The eighth and final season of Psych, containing 10 episodes, premiered on the USA Network in the United States on January 8, 2014. James Roday, Dulé Hill, Timothy Omundson, Maggie Lawson, Corbin Bernsen and Kirsten Nelson all reprise their roles as the main characters in the series.

USA Network confirmed on February 5, 2014 that the eighth season of Psych would be its last.

Production
Steve Franks continued as showrunner of the series.  The song "I Know, You Know", performed by The Friendly Indians, continues to be used as the theme song for the show.

On December 19, 2012, it was announced that Psych had been renewed for an eighth season consisting of eight episodes. On April 22, 2013, USA Network ordered five additional scripts for potential episodes. On June 25, 2013, USA Network greenlit two additional episodes of those five scripts, one to be chosen by online poll. During the 2013 Comic-Con in San Diego, it was revealed that "Dream Therapy", now known as "A Nightmare on State Street", won with more than 50% of the votes. Season 8 premiered on January 8, 2014.

Cast

James Roday continues to portray the fake psychic detective Shawn Spencer.  Dulé Hill appears as Burton "Gus" Guster.  Timothy Omundson and Maggie Lawson portray detectives Carlton "Lassie" Lassiter and Juliet "Jules" O'Hara, respectively.  Corbin Bernsen continues as Henry Spencer, and Kirsten Nelson returns as SBPD Chief Karen Vick.

Cary Elwes returned to portray the character of Pierre Despereaux for the fourth time in the series' run. He appeared alongside Vinnie Jones in the first episode of the season. Anthony Michael Hall reprises his role as Interim Chief Harris Trout, while Kristy Swanson, Kurt Fuller and Sage Brocklebank return as Marlowe Lassiter, Woody the Coroner and Buzz McNab, respectively. John Kapelos also returns as Tom Swaggerty, the Mayor of Santa Barbara, for the sixth episode of the season, called "1967: A Psych Odyssey", that marks the directorial debut of Kirsten Nelson.

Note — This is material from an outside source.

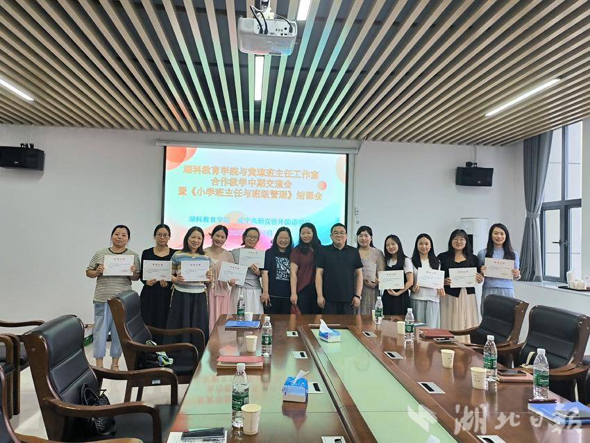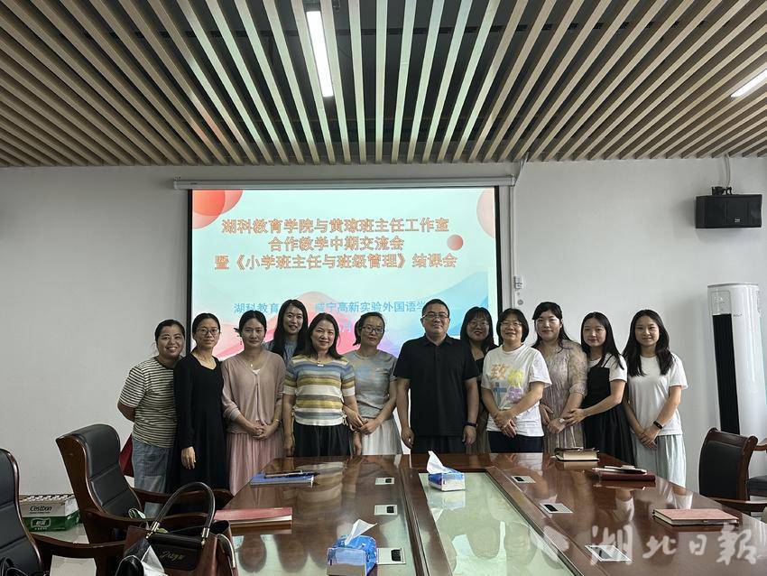 湖北日报客户端讯(通讯员黎欢、余奇、陈柳含)2024年3月26日,黄琼班主任工作室与湖北科技学院正式签署合作协议,开启协同育人新篇章。今年6月10日,在湖北科技学院揽胜楼1122室举办合作教学中期交流暨《小学班主任与班级管理》课程结课会,这次推进会标志着这一创新合作取得阶段性成果。

Phylicia Rashad returned as Gus' mother. Curt Smith returns as himself. Mira Sorvino appears as Head Detective Betsy Brannigan

Dana Ashbrook, Katharine Isabelle, Carlos Jacott, Ed Lover, Ralph Macchio, Lindsay Sloane, Janet Varney, Alan Ruck, and Ray Wise guest star in the third episode of the season, a special all-star remake of the season one episode "Cloudy... With a Chance of Murder", with Michael Weston reprising his role as Adam Hornstock from the original episode.

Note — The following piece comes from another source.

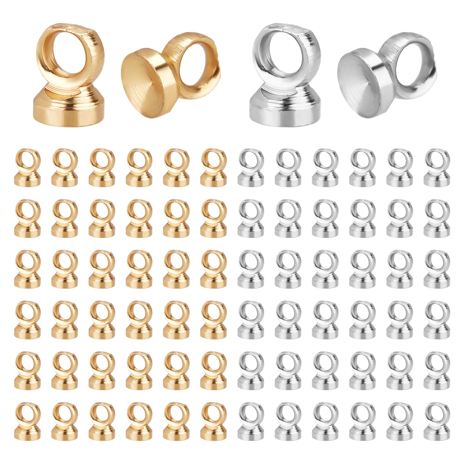 PH PandaHall 約200個セット ヒートン ヒートンキャップ ビーズキャップ 2色 ピンなし カン付き イヤリングパーツ レジンアクセサリー 丸ヒートン 接合金具 アクセサリーパーツ チャーム取付カバー ペンダント接続金具 ハンドメイド 手芸用品 クラフト 金具 ゴールド シルバー ケース付き

Tom Arnold,  The Bella Twins, Corbin Bleu, Yvette Nicole Brown, Dean Cameron, Bruce Campbell, Olivia d'Abo, Loretta Devine, Sutton Foster, Vincent Gale, Kali Hawk, Vinnie Jones, Val Kilmer, Floriana Lima, Peggy Lipton, Deon Richmond, Peter Stormare, Vincent Ventresca, Vincent M. Ward, Celia Weston, William Zabka and Billy Zane also guest star in different episodes of the season.

Episodes

DVD release
Psych: The Complete Eighth Season, consisting of ten episodes, was released on April 1, 2014. The three-disc set includes deleted scenes, episode podcasts, montages, featurettes and a gag reel. The seventh season television special "Psych: The Musical" is also included.